Wednesday, January 1, 2014

UBS bullish on PH property sector


Swiss investment banking group UBS is upbeat on the Philippine property sector, saying it will likely post slower but “more resilient” compounded annual growth rate (CAGR) in earnings of 15 percent from 2013 through 2016.


In a report dated Dec. 18 titled “Allayng Fears,” UBS analyst Caroline Kabigting said that after performing below market expectations for most of 2013, the property sector was now trading at “more attractive” valuations as macroeconomic concerns, potential housing/office oversupply and slowing earnings momentum continued to weigh on sentiment.


“Although some of these concerns are valid, we believe there are factors that could cushion their potential impact on the sector’s fundamentals. These include a generally modest rise in property prices, high domestic liquidity, the banking sector’s accommodative stance, healthy pre-selling activity, a positive outlook in the business process outsourcing (BPO) segment, steady overseas Filipino remittances, organic growth in housing demand, and the country’s stronger economic footing,” the report said.


On concerns about property bubble forming, UBS argued that despite the hectic development in recent years, property prices in general had posted modest increases.


In 2009-2012 or following the US-epicentered global financial crisis, UBS noted that housing pre-sales in the Philippine property sector recorded a CAGR of 43 percent. Amid aggressive capacity expansions in retail and office spaces and increased borrowings to fund large capital spending, aggregate earnings recorded a CAGR of 25 percent. UBS said this was fueled by a successive drop in interest rates, a stronger peso and improving economic performance.


UBS said the continued drop in interest rates, coupled with the banks’ accommodative stance, had led to the 18 percent CAGR in home mortgages in 2009 to 2012 and provided a significant boost in property sales.


“Despite this, overall credit growth has not been faster than those of other countries in Asia—hence, we believe the Philippines does not stand out as a risk,” it said.

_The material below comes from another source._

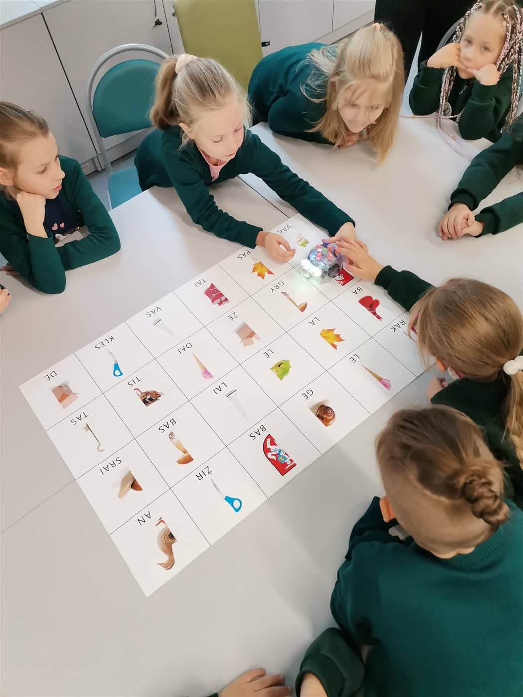Labiausiai įtraukiantis ir daugiausiai pastangų pareikalavęs užsiėmimas – programuojamo robotuko-bitutės kelionė specialiu kilimėliu, ant kurio buvo trūkstamos žodžių dalys. Norėdami jas sujungti – atsidurti ant kitos žodžio dalies, dalyviai turėjo užprogramuoti robotuką. Šioje praktikoje buvo naudojami ne tik skaitymo, bet ir skaičiavimo įgūdžiai.

The country’s mortgage penetration rate, computed by UBS using the banks’ housing loan portfolio plus developer financing, was estimated at less than 4 percent of the country’s gross domestic product (GDP), indicating that the level remained “very low.”


After heavy capital spending over the past three years, UBS’ forecast of a more resilient 15 percent earnings compounded earnings growth for the sector through 2016 was seen driven in part by the residential segment.


UBS estimated that the residential segment accounted for 64-65 percent of property sector’s revenue which, in turn, is seen getting a boost from hefty unbooked revenues even if pre-selling activities were to slow down from 2014 to 2016. Unbooked revenues refer to sales take-up, which are yet to be recognized in developers’ books because these projects have yet to reach a certain stage of development.


In the meantime, Kabigting said the continued expansion in retail and office capacity should underpin 14 percent annual growth from 2013 through 2016 in higher-margin rental portfolios, estimated to account for 35-36 of revenue. “This would offer the sector a good source of recurring income and provide support on any downside,” she said.


UBS’ “most preferred” stocks for the Philippine property sector are Megaworld Corp., Robinsons Land Corp. and Vista Land and Lifescapes, which it expects to post the strongest earnings CAGR of 19-20 percent from 2013 to 2016.


UBS revised its price target for Megaworld to P4.50 (from P4.90), Robinsons Land to P25.80 (from P29.50) and Vista Land to P6.90 (from P6).